Very interesting thread Cremeeg.

Totally get your dreams on Croatia. You were just mulling over ideas and options. 

Really lucky to have been audited, to me that means you've now got confirmation from revenue that you are running a tight ship, so if you continue you should never have a problem. How did the revenue guy come to the 20% decision on diesel?

*College*

How much is this going to cost you? Any chance one of those properties are in a location where the kids will go to college?

*Rentals*

*BLT 1* 
Value €125,000 
Mortgage None
Rent €9,000 pa

*BLT 2*
Value €160,000
Mortgage €200k ECB + 0.75% IO for 18 more years (€2,000 pa)
Rent €8,400

*BLT 3*
Value €95,000
Mortgage €208k ECB + 0.75% IO for 18 more years (€2,079 pa)
Rent €8,400

*BLT 4*
Value €170,000
Mortgage €175,000 ECB + 1.15% Cap & Int (€13,944 pa)
Rent €15,000 pa

Income 9000 + 8400 + 8400 + 15000 = 40 800
Interest 2000 + 2079 + 3500 (guess) = 7579 X 75% = 5684
Repairs?
Property tax? - debatable whether tax deductable or not

Let's say 6K interest, 4 K repairs, 2 K other, and there must be some voids and other costs. So a rental income of 40K less expenses, profits of maybe 25K/20K? But you'll only get 50% of that after tax and prsi. So you're maybe clearing 10K as extra income.

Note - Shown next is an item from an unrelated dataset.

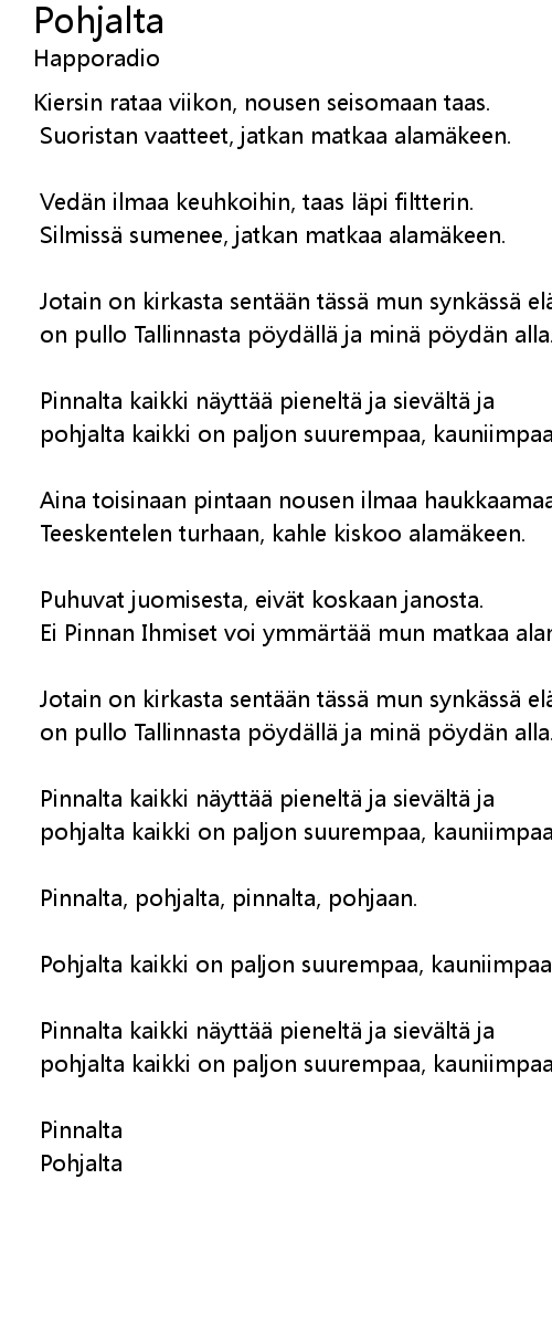 | 歌曲 | Pohjalta |
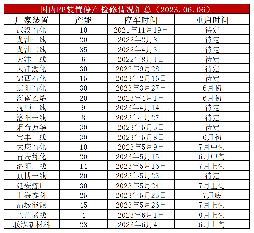 虽然联泓新材料停车检修,但是京博石化、绍兴三圆、中韩石化等前期检修装置重启,PP开工率继续走高至88%附近。6月份仍是集中检修期,但是检修力度较4-5月有所下降,预计开工率小幅走高,且后期有3-4套新装置有投产计划,供应压力逐渐增加。

What's the term on the BTL 4?

What is the game plan in relation to the 2 interest only properties. Not a fan personally of IO. Don't see the logic. In 18 years, you have to pay them back. Would it be better to use the rental income profits to pay down capital now. You will be 66 and 69 when these mortgages have to be paid down. At that stage you will be presumable 'retired.' 

*Values of BTL's*

Currently 550K 

Mortgages 583

NE of 33

But this NE doesn't apply to BTL 1, nor really to BTL 4, but BTL 4 doesn't matter as there are capital repayments. 

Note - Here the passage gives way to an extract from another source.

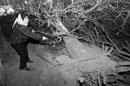 被毀的棗樹林位于新鄭市好想你棗業(yè)公司對面的新港大道路東。昨晚,記者趕到現(xiàn)場,看到公路旁的楊樹已經(jīng)東倒西歪,穿過楊樹林走不遠,便是被毀的棗樹林。有的棗樹齊根折斷,有的被連根拔起,地上留下大大小小的土坑,一片狼藉。
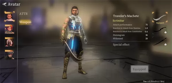 4、在进入游戏前可以设置当前角色的装备,还可以查看每种装备的属性,玩家可以根据需要进行选择。

Problem is the two BTL's with no capital payments. 

What happens if we are in a Japan scenario, I'm not discussing house prices, but one has to consider all options, what if in year 18 property prices mean you don't even have enough to repay those loans from selling at that time. Would like to be in a scenario where the bank comes looking at your assets and you lose an income producing stream. 

*Retirement*

What are you going to live on in retirement. 

Are you entitled to state pension, is your partner? How much will your pension pot pay out?

*Home*

Don't see any problem with this, payments are low, very low for a decent house for 6 people.   Eventually you will own it.


----------



## mandelbrot

Bronte said:


> Really lucky to have been audited, to me that means you've now got confirmation from revenue that you are running a tight ship, so if you continue you should never have a problem. How did the revenue guy come to the 20% decision on diesel?



It's in no way confirmation that everything is ok - it may well mean the period already audited isn't revisited, but it gives no assurance on a particular issue in the event of a future audit.


----------



## Brendan Burgess

|Total|Home|BTL1|BTL2|BTL3|BTL4
Value|€810k|€260k|€125k|€160k|€95k|€170k
Mortgage|€753k|170k|0|€200k|€208k|€175k
Interest||1.15%||1%|1%|1.4%
Annual interest||€2k||€2k|€2k|€2k
Rent|||€9k|€8k|€8k|€15k*Savings:  €210k

*These are very profitable investments due to the low cost trackers 

Total Rent: €40k
Total interest: €6k
Profit before costs and tax: €34k 

*Paying off the car loan seems clear 
*It doesn't make any sense to be paying 3.5% while you have money on deposit.  Assuming that there are no early repayment penalties, pay this off. 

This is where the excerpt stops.